Justice Malala has been a reporter and political analyst in print and television for decades. His work has appeared in The Washington Post, The Wall Street Journal, The Guardian and other publications. He currently writes regularly for The South African Times and Financial Mail, among others, and is the resident political analyst for eNews Channel Africa. He's the author of a previous book, "We Have Now Begun Our Descent." His new book is titled "The Plot To Save South Africa: The Week Mandela Averted Civil War And Forged A New Nation." Justice Malala, welcome to FRESH AIR.

JUSTICE MALALA: Thank you for having me, Dave.

DAVIES: You know, this story begins in 1993, and I want to talk just a bit about what was happening in the country. As I mentioned, it was when negotiations were underway from the previously apartheid government of de Klerk and opposition leaders led by Mandela. This had been going on for a couple of years. But, you know, I mentioned that in the United States that we are at a time of great political division, but in our country, we are fighting mostly with words, not weapons. In South Africa, things were different. Give us a sense of the political violence that was underway even in this time when steps were being taken towards a new direction.

MALALA: If you think about it, the popular conception of the South African transition, Dave, is that Nelson Mandela walked out of jail in February 1990, there were negotiations and then you had that breakthrough moment in 1994, April 27, when people like me for the first time went out and voted in those historic elections. But actually, as you rightly point out, between 1990 and 1994, thousands of people were being killed in political violence, much of it stoked by sinister government-sponsored forces. The way this played out was that one particular organization, the Inkatha Freedom Party, seemed pitted against the ANC of Nelson Mandela. So, 1990 happens. Nelson Mandela walks out of prison. The negotiations start, but they're in stops and starts. And as they happen, in the townships, in villages across South Africa, political violence begins to ramp up.

By 1992, there were massive massacres. The path to freedom wasn't straightforward. It was bloody. It was uncertain. And leaders across the board, like Nelson Mandela, were falling out with each other. Nelson Mandela had started off saying, de Klerk is a man of integrity. De Klerk had started off the negotiations saying, I could work with Nelson Mandela. But the massive political violence that was going on had led to both men being really on the verge of - I don't know about hating each other, but they were not as friendly. It was not a good time, and the negotiations were imperiled.

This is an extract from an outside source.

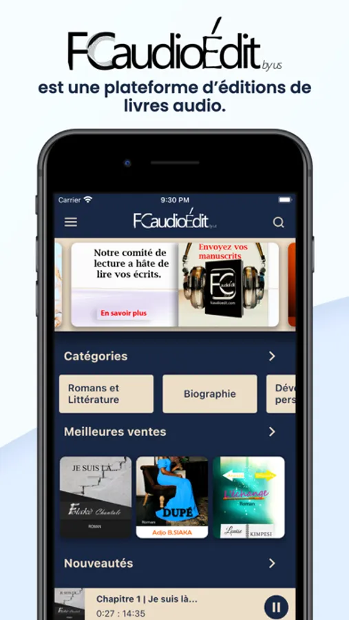 FCaudioÉdit est une plateforme d’éditions de livres audio. Notre application gratuite permet l’achat de livres audio partout dans le monde.

DAVIES: Right. Right. We'll talk more about their relationship. But yes, it's true. I mean, the African National Congress, the organization that Mandela led, you know, had a military wing for many years because they were banned, and they were armed. Other groups were armed. And there were these right-wing groups that were in cooperating with the government. So, many weapons, much conflict, and yet there was hope for negotiating a change. The event that started this horrific crisis that you write about was a political assassination of a man named Chris Hani. He was a part of the opposition that Mandela led. Tell us who Chris Hani was - why he was important.

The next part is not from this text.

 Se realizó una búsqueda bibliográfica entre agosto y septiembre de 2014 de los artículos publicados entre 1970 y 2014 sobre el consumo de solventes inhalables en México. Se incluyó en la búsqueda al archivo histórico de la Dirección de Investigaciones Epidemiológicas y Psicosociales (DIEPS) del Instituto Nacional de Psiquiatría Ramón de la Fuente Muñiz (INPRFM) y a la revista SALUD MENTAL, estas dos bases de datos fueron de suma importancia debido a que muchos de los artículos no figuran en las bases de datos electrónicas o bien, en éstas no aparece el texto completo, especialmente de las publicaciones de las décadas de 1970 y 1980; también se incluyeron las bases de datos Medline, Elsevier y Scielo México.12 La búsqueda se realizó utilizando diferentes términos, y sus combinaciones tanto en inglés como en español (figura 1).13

MALALA: Chris Hani was the most popular Black leader, the most popular political leader in South Africa after Nelson Mandela. He'd made his reputation inside the ANC. He started off as a young man, very interested in law and politics, went to university. After he got his degree in the 1960s, he started organizing workers, came to the attention of the apartheid government police, who hunted him down, detained him for a while, and he left the country to join the ANC in exile. He rose through the ranks of the ANC, ended up being its chief of - the chief of staff of its military wing, as you pointed out earlier in your question, and became known as someone who could speak for, particularly, young people who were very suspicious of the negotiations process.

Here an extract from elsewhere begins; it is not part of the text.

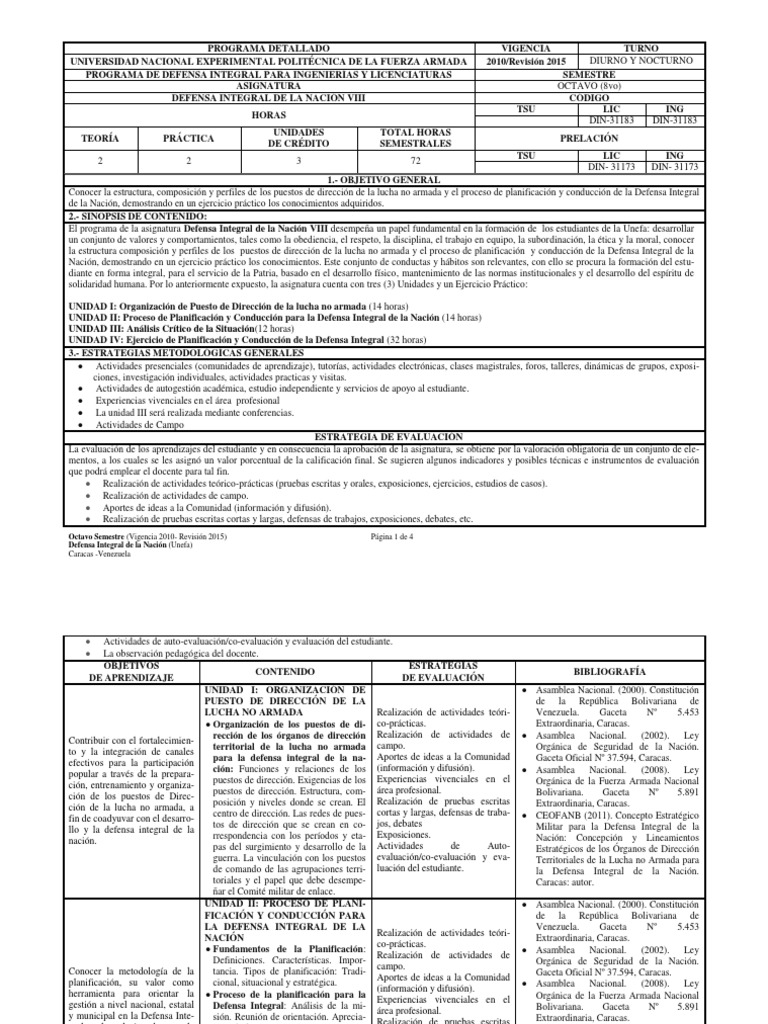 El programa de la asignatura Defensa Integral de la Nacin VIII desempea un papel fundamental en la formacin de los estudiantes de la Unefa: desarrollar

But as someone who'd been in the ANC military, who was always with Nelson Mandela, stayed very close to him, he was trusted. He was a very charismatic political leader. Nelson Mandela made it a point that wherever he went, addressing big rallies everywhere, that he'd have Chris Hani next to him. He was seen as uncompromising. Young people believed that the revolution, as it were, would not be betrayed with people like Chris Hani there. So hugely popular, very much seen as the man who would take over from Nelson Mandela by many.

DAVIES: Right. So his assassination on the Saturday before Easter shocked the country and was bound to create enormous outrage, which it did. Let's talk a little bit about the assassination. He lived in a neighborhood which Blacks were barred from before this beginning transition, which is interesting. He was shot at his home by a man who, as you write in the book, you know, was a white supremacist, right wing, did it in connection with a well-known right-wing leader. And you tell us that there was really, in a way, a specific purpose to this assassination from the point of the right-wing, pro-apartheid forces. What were they hoping would happen with his assassination?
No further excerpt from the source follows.